-- Opening Marker --

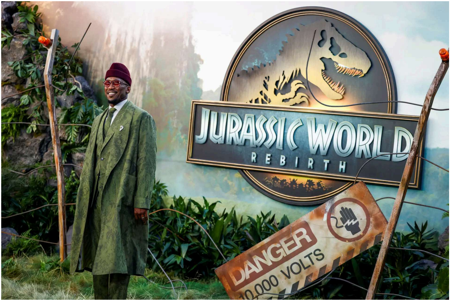
U.S. actor Mahershala Ali poses on the red carpet for the World premiere of the film "Jurassic World Rebirth" in central London, on June 17, 2025.
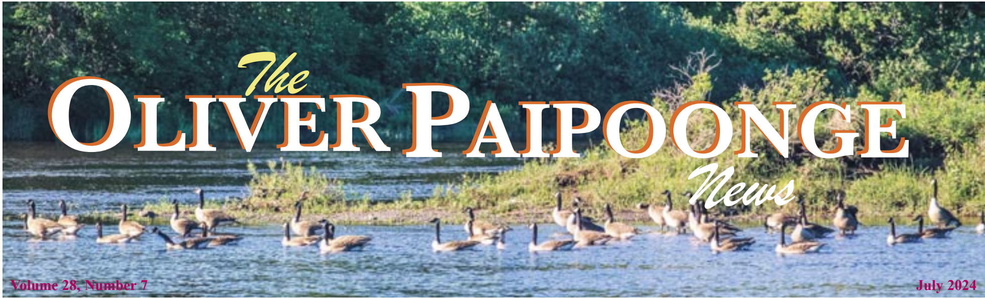
Looks like the Canada Geese are planning to spend the summer on the Kaministiquia River.
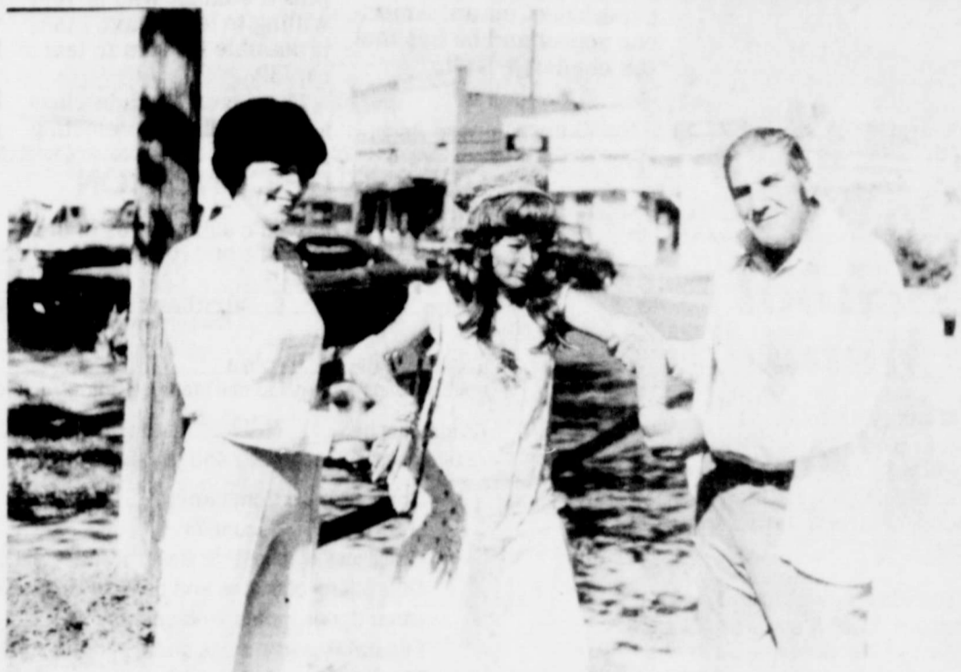
Crazy Daze Arrest

THOUGHT FOR THE DAY - Daily prayer is the guardian of the soul. God is faithful, and he will not let you be tempted beyond your strength, but with the temptation will also provide the ways of escape, that you may be able to endure it. - 1 Corinthians 10:13
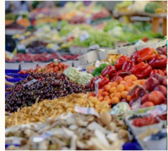
Love real food? Discover the local markets and festivals
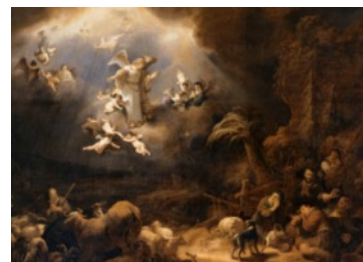
Angels at Jesus Birth
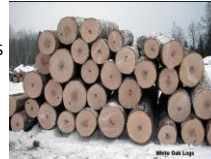
White Oak Logs Special - 4CS 18"+ Veneer - C2S, C3S Sawlog - C2S, C3S
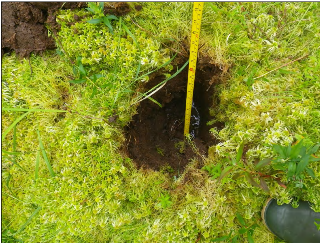
Photograph 87: Wetland 22 (WL22) – Wetland Test Pit
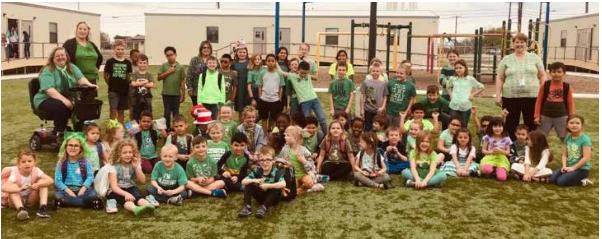
Staff and students wear their green to show their love for this delightful book!
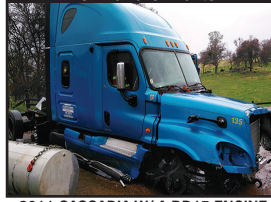
2011 CASCADIA W/ A DD15 ENGINE .....CALL
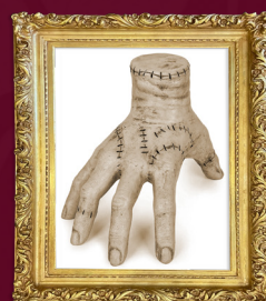
'THING' ELLIOTT SANDBROOKE
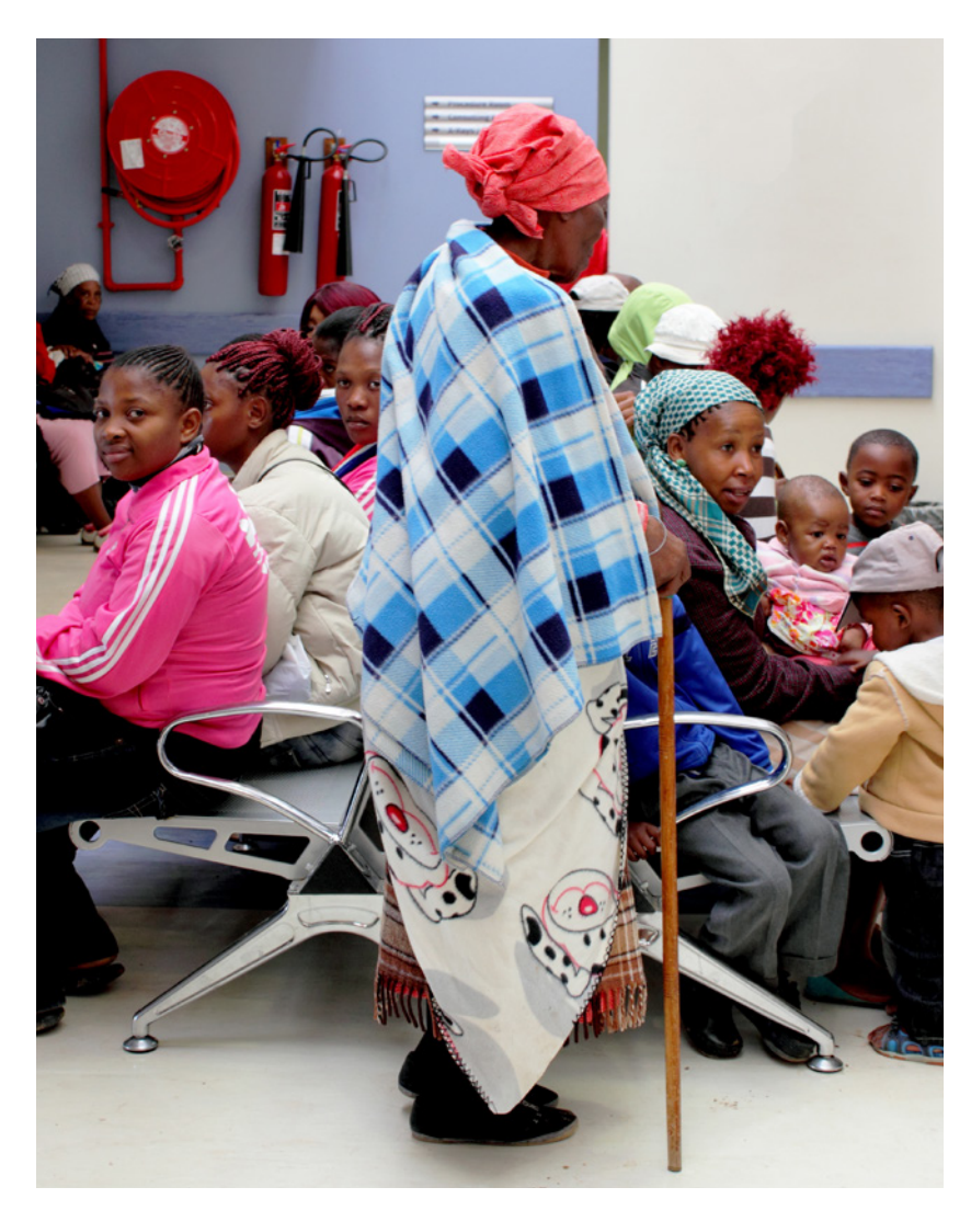
Waiting room at the Queen Mamohato Memorial Hospital, Maseru 2014.

Due to the complexity of the contract and a high number of disputed fees which are still part of an arbitration process, the actual cost of the PPP to the government remains contested and uncertain. Most recently, a 2017 Lesotho public health expenditure review by UNICEF and the WB reinforces concerns about the financial sustainability of the PPP.<sup>112</sup> The review data shows that actual expenditure on the PPP — what government paid rather than what they were invoiced — amounted to 35 per cent of recurrent health expenditure over the four years leading up to 2017, or 30.6 per cent net of Value Added Tax (VAT).<sup>113</sup> It is important to note that total health expenditure has increased dramatically since the PPP baseline year, indicating a concerning rise in the actual cost of the PPP to the government.<sup>114</sup> The review's figures suggest that in 2016 Tsepong's 'invoiced' fees amount to two times the "affordability threshold" set by the Government and the WB at the outset of the PPP.<sup>115</sup> The review claims the PPP expenditure is in line with expectations but goes on to acknowledge that significant additional fees could impact the sustainability of the contract. The figures also reveal a concerning trend of government paying a lower proportion of the invoiced fee each year since 2012/13. 116
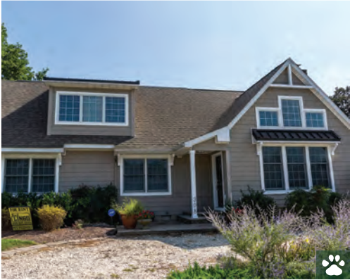
308 HICKMAN STREET 4 Bedrooms | 3 Baths | Sleeps 10 Pet-Friendly · Screened Porch Rates: $2,200-$3,700/Week

For more information, please call the Rehoboth Beach office at (302) 227 - 3883 or visit our website at www.JackLingo.com.
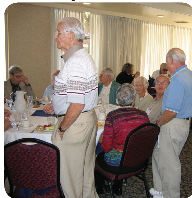
Well, "What Should We Do Next?"
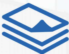
Pulp, Paper & Packaging Production
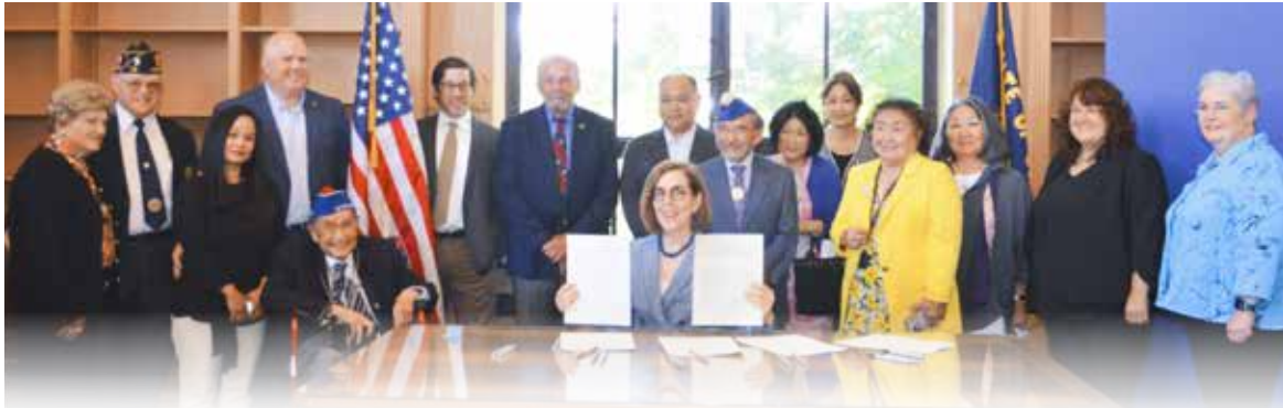
Oregon Gov. Kate Brown (center) signed Senate Bill 1509 on Aug. 5, officially designating State Highway 35 in honor of Nisei veterans who fought in World War II.
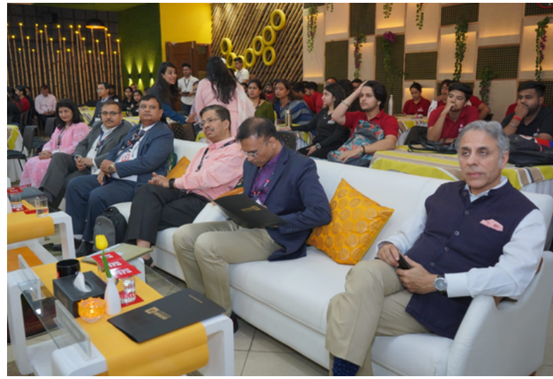
Industry Experts with Heads- CBS
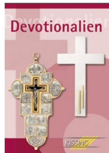
Our Devotional Objects catalogue.

If you are interested in unusual and artistically designed symbols of faith, please ask for our multiple page catalogue. You can also download this directly from the Internet. We supply a wide range of crosses, medals and rosaries. Since we are manufacturer, we also supply individual symbols of faith entirely according to your wishes. A handcrafted wall cross with embossed motifs representing Christ's stations of the cross is shown on the cover of our catalogue. We have been producing the unchanged form of this metal cross for more than 100 years. It is particularly distinguished by its masterful workmanship.
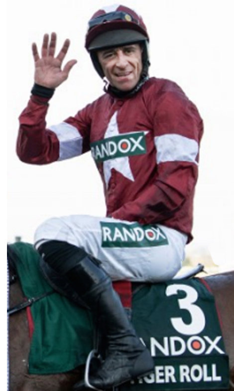
Davy Russell on Tiger Roll after one of their Grand National wins.

He said: "You always wonder after a bad fall whether you still have it. I wanted to come back riding because recovery would've been an awful lot more difficult unless I had a goal." And he wanted to go out on a winner.

-- Closing Marker --

Up to and including the line containing "Waiting room at", quote each line of the entries above from the very first, please, exactly and without images.

*Solution to this exercise*
U.S. actor Mahershala Ali poses on the red carpet for the World premiere of the film "Jurassic World Rebirth" in central London, on June 17, 2025.
Looks like the Canada Geese are planning to spend the summer on the Kaministiquia River.
Crazy Daze Arrest

THOUGHT FOR THE DAY - Daily prayer is the guardian of the soul. God is faithful, and he will not let you be tempted beyond your strength, but with the temptation will also provide the ways of escape, that you may be able to endure it. - 1 Corinthians 10:13
Love real food? Discover the local markets and festivals
Angels at Jesus Birth
White Oak Logs Special - 4CS 18"+ Veneer - C2S, C3S Sawlog - C2S, C3S
Photograph 87: Wetland 22 (WL22) – Wetland Test Pit
Staff and students wear their green to show their love for this delightful book!
2011 CASCADIA W/ A DD15 ENGINE .....CALL
'THING' ELLIOTT SANDBROOKE
Waiting room at the Queen Mamohato Memorial Hospital, Maseru 2014.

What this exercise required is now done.